Data extracted from a collection

####################

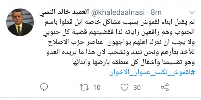 وكتب النسي، في تغريدة له عبر موقع التواصل الاجتماعي تويتر، تابعها المشهد العربي: " ‏لم يقتل أبناء لقموش بسبب مشاكل خاصة بل قتلوا باسم الجنوب وهم رافعين راياته".
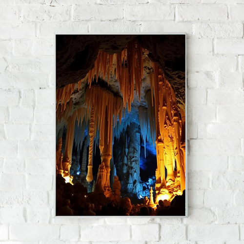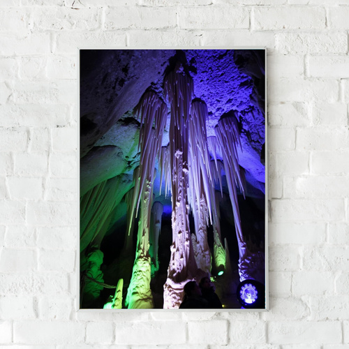 Постер 21х30 без рамы "Пещера с эхом и светящимися сталактитами"
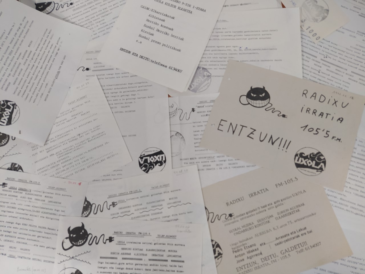 Gu geure artxibuk arakatzen ibili gaz eta UXOLA irratsaiuai buruzko mateixala topa dou, sasoi hartako argazkixak (Ander eta Imanolek etxen ben irratsaiu) eta idatzixak.
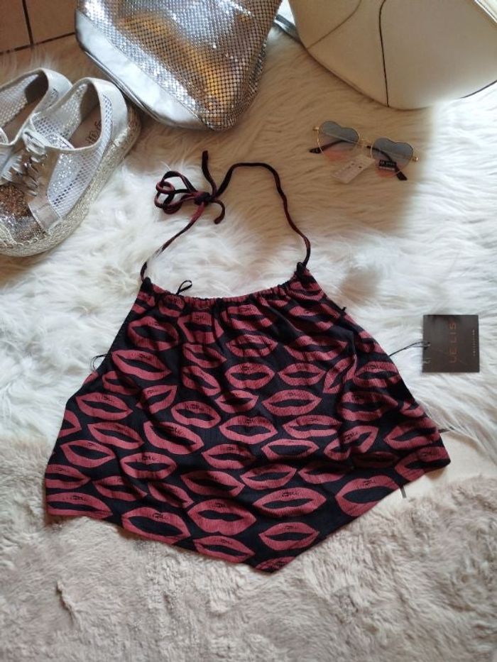Bonjour - 40 % sur mon dressing familiale et amicale toute l'année. Magnifique croc top se noue dans le dos motif lèvre. Acheter et jamais porté. Longueur 40 cm. Il est magnifique. Super élastique 7% de spandex équivalent Elasthane. Possédant d'autres haut n'hésitez pas à me suivre. Ouverte à toute discussion raisonnable. Activation sur les lots à partir du 2eme articles
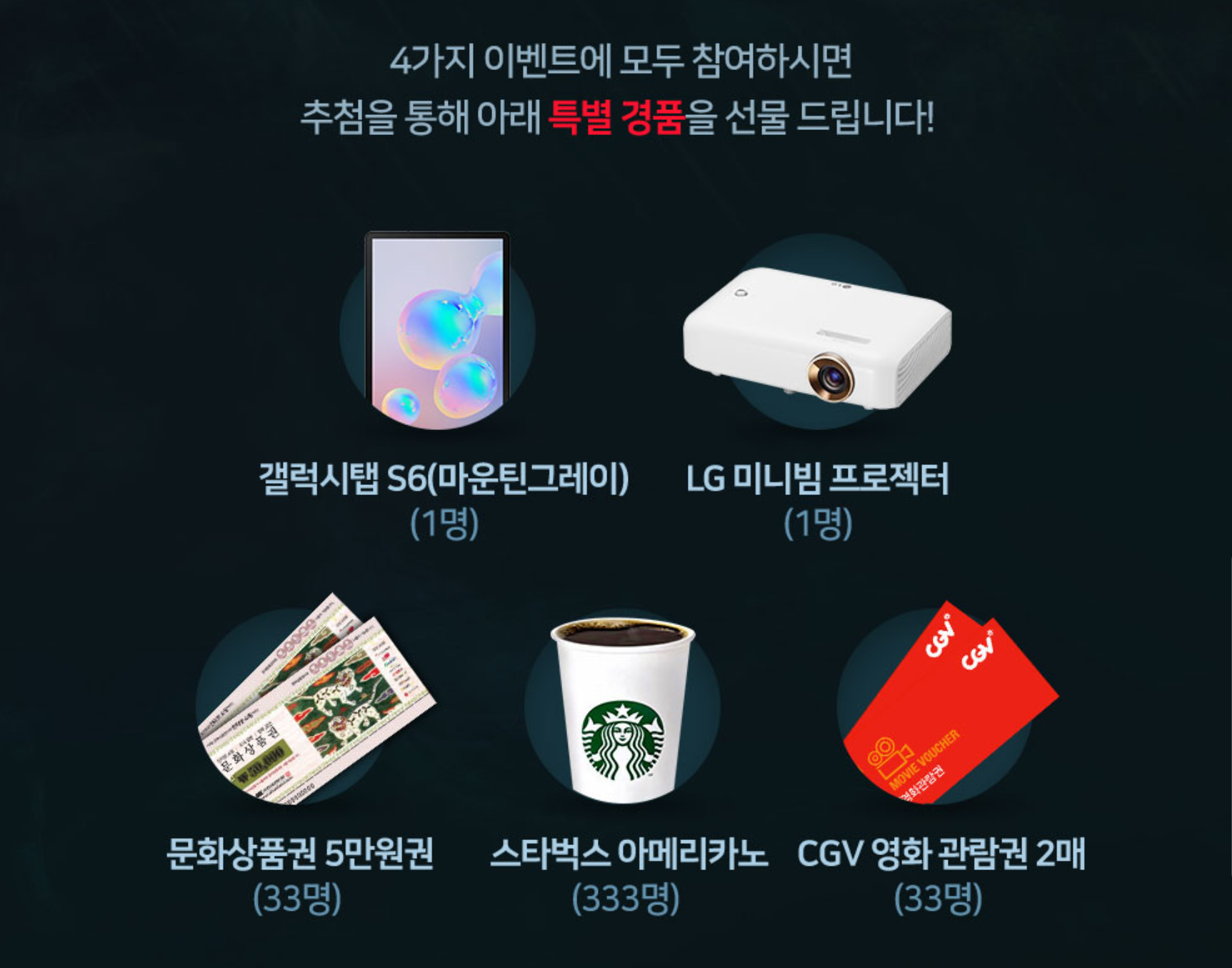 4가지 이벤트에 참여하는 이들에게는 5만원 상당의 아이템을 100% 증정하고, LG LED TV 모니터 / 미니빔 프로젝터 / 문화상품권 / 스타벅스 커피 등 다양한 선물도 제공됩니다.

####################

--- WORK ITEM ---
Copy word for word only the lines above from the one with "Постер 21х30 без" through the one with "Gu geure artxibuk". Leave pictures out.

--- ANSWER AREA ---
 Постер 21х30 без рамы "Пещера с эхом и светящимися сталактитами"
 Gu geure artxibuk arakatzen ibili gaz eta UXOLA irratsaiuai buruzko mateixala topa dou, sasoi hartako argazkixak (Ander eta Imanolek etxen ben irratsaiu) eta idatzixak.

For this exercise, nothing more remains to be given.